Посредственный музыкант и кучер одной из оркестровых повозок, который иногда присоединялся к разнорабочим. Был хорош в игре на трубе, когда они по средам выступали перед однополчанами, или во время репетиций, сидя на табуретах на плацу, но его хромота становилась просто невыносимой, и он не мог маршировать так, чтобы не разрушать ровный строй оркестра.

— Аддисон Перри. Малая флейта и пикколо.

Плохой музыкант и неряха. Фиттс только рад был избавиться от этого мертвого груза.

— Льюис Робинсон. Корнет-сопранино ми-бемоль.

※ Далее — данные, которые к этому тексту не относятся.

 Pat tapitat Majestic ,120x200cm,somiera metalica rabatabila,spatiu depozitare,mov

Способный музыкант, Фиттс не мог этого отрицать. Но Робинсон постоянно раздражал его свыше всякой меры — самоуверенный осел, слишком много о себе возомнивший. Несколько раз Робинсон показывал ему различные мелодии, которые, по его словам, сочинил сам, и спрашивал, можно ли поделиться ими с оркестром, чтобы сыграть их как-нибудь на концерте. Он утверждал, что работал дирижером в филармонии одной общины в Колумбусе, штат Огайо. Фиттс не хотел, чтобы кто-то заглядывал ему через плечо и дышал в спину.

— И?.. Кого еще?

— На этом все, — удовлетворенно ответил капельмейстер.

Всю зиму Роб Джей тайком наблюдал за Ордуэем издалека. Он нервничал, потому что, хотя трубач и записался на службу на годовой срок, ничто не помешает ему просто сбежать и исчезнуть. Но та необъяснимая причина, которая держала всех в армии, распространялась и на Ордуэя; и именно он оказался среди тех пяти рядовых, которые поступили в подчинение к Робу Джею. Его наружность была довольно приятной, ничто не выдавало в этом милом парне убийцу, за исключением водянистых встревоженных глаз.

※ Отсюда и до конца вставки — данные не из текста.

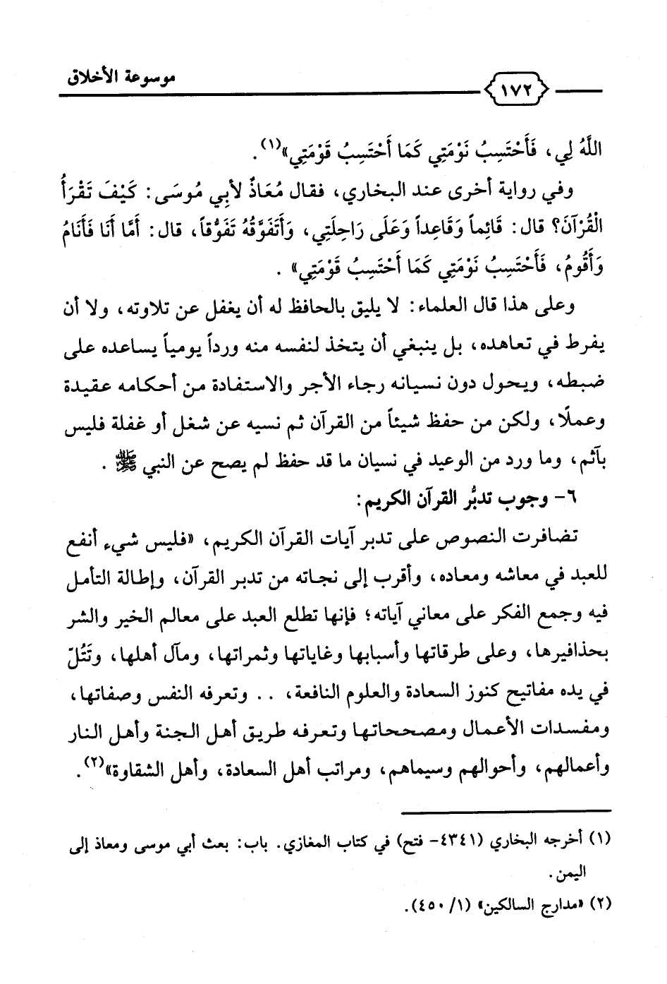 وفي رواية أخرى عند البخاري، فقال مُعَاذ لأبِي مُوسَى: كَيفَ تَقرَأُ القرآن؟ قال: قَائِمًا وَقَاعِدًا وَعَلَى رَاحِلَتِي، وَأَتَفَوَّقُهُ تَفَوقًا، قال: أَما أنا فَأنَامُ وَأَقُومُ، فَأحتسبُ نَومَتِي كَمَا أَحتَسِبُ قَومَتِي".
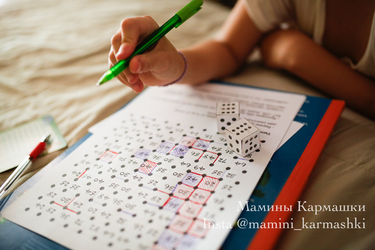 Лето, а мы обнаружили, что у обеих школьниц ощутимые пробелы в таблице умножения (учат ее сейчас "галопом по Европам", к сожалению). Учиться летом никто не хочет, а вот играть - с радостью. Начала писать статью про наш любимые игры с таблицей умножения, а материала набралось на три статьи. В этой покажу вам самую простую игру для детей, в которую мои играют без отрыва. Саму игру мы подсмотрели на иностранном сайте, но в оригинале игра только с таблицей умножения от 1 до 6, так что мы ее доделали, дополнили и сделали макеты для печати. Делимся. Для игры на умножение вдвоем нам понадобятся: - 2 кубика, - 2 разноцветных ручки или фломастера, - игровое поле (можно распечатать с шаблона или нарисовать самим) Думаю, что играть можно и втроем-вчетвером, тогда нужно будет цветных карандашей по числу участников. Игра очень простая (на наших шаблонах продублированы правила): Мы приготовили два вида игрового поля и два вида кубиков: - традиционные от 1 до 6 (в эту часть
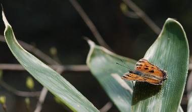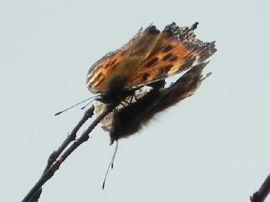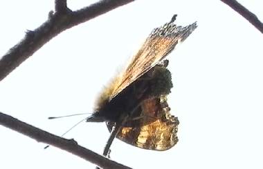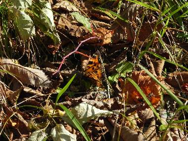 (参考) 日光浴 2010年11月3日 撮影 静岡市葵区県民の森(標高1500m) 快晴無風の気持ちのよい日でしたが夜は0℃ぐらいに冷える時候です。散策中ときおりタテハが颯爽と飛ぶのが観察できましたが、やっと撮影でき、ヒオドシチョウであることが確認できました。ヒオドシチョウは、6月に羽化した後は、標高の高いところに上がり夏眠、冬眠して春先にまた降りて産卵すると言われていますが、夏眠、冬眠の場所があまり観察されていません。おそらくこの地近くにそういう場所があるものと思います。暖かい日には活動することが分かりました。 トップページへ |
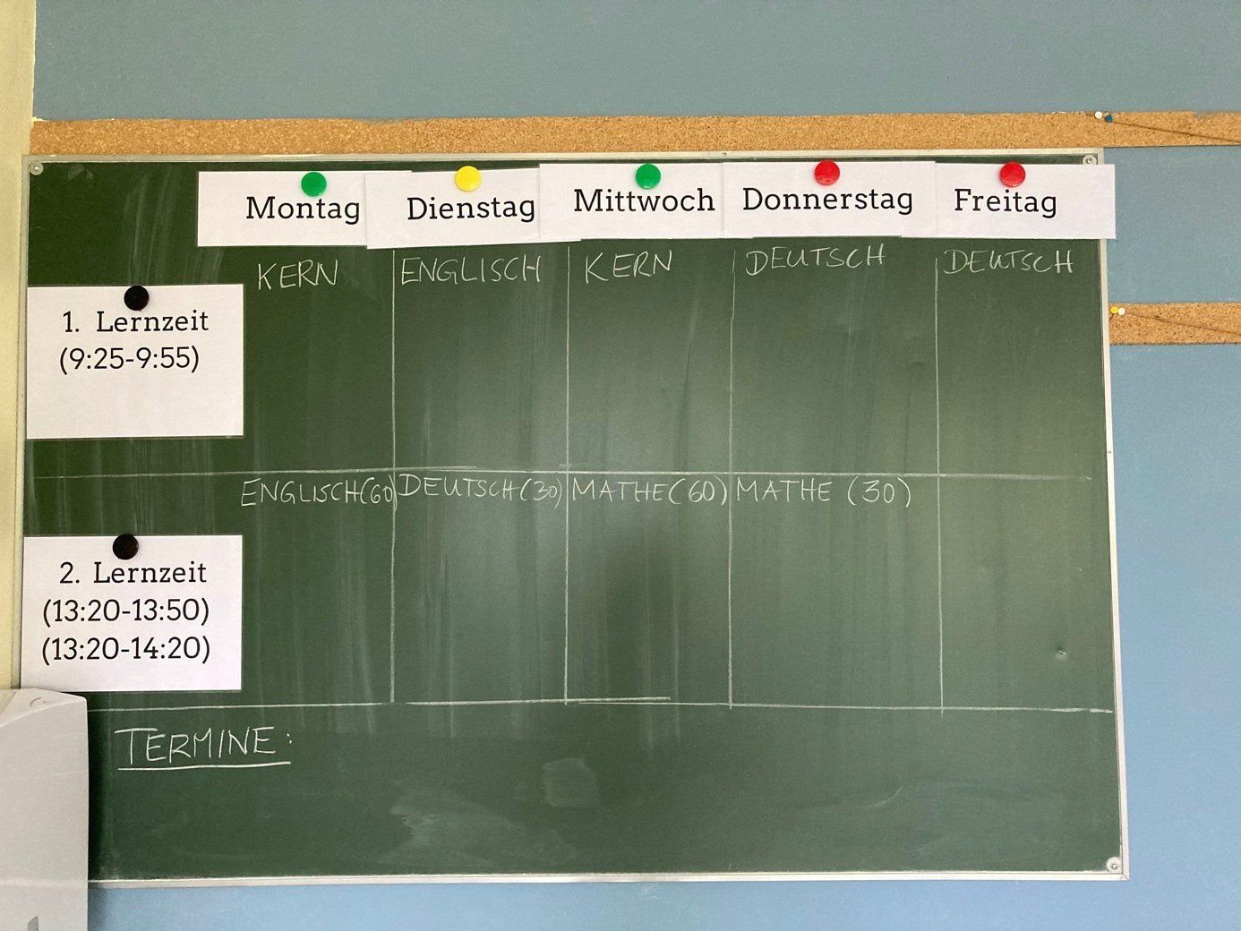 Die Lernzeit am Mittag wird von insgesamt zwei Pädagogen durchgeführt. Sie dient auch als zusätzliche Übungszeit für die Fächer Deutsch, Kern, Mathematik und Englisch und ersetzt die schriftlichen Hausaufgaben.

Никто из этих пятерых не обрадовался своему новому назначению. Льюис Робинсон даже запаниковал.

— Я должен играть! Я ведь музыкант, а не врач!

Роб Джей поправил его:

— Санитар-носильщик. Пройдет совсем немного времени, и ты станешь санитаром-носильщиком, — пояснил он ему, но все поняли, что он обращался ко всем присутствующим.

Он попытался извлечь выгоду из этой странной сделки, попросив капельмейстера не задействовать их в своей работе вообще, и выиграл эту уступку с подозрительной легкостью. В занятиях с ними он начал с азов, научив их обращаться правильно с перевязочным материалом и делать повязки, а затем рассказал о видах ран и о том, как нужно их перевязывать. Он научил их, как добраться до раненых на поле боя и донести их в безопасное место, а также снабдил каждого маленьким рюкзаком с перевязочным материалом, повязками, флягой со свежей водой, опиумом и морфином в порошке и пилюлях.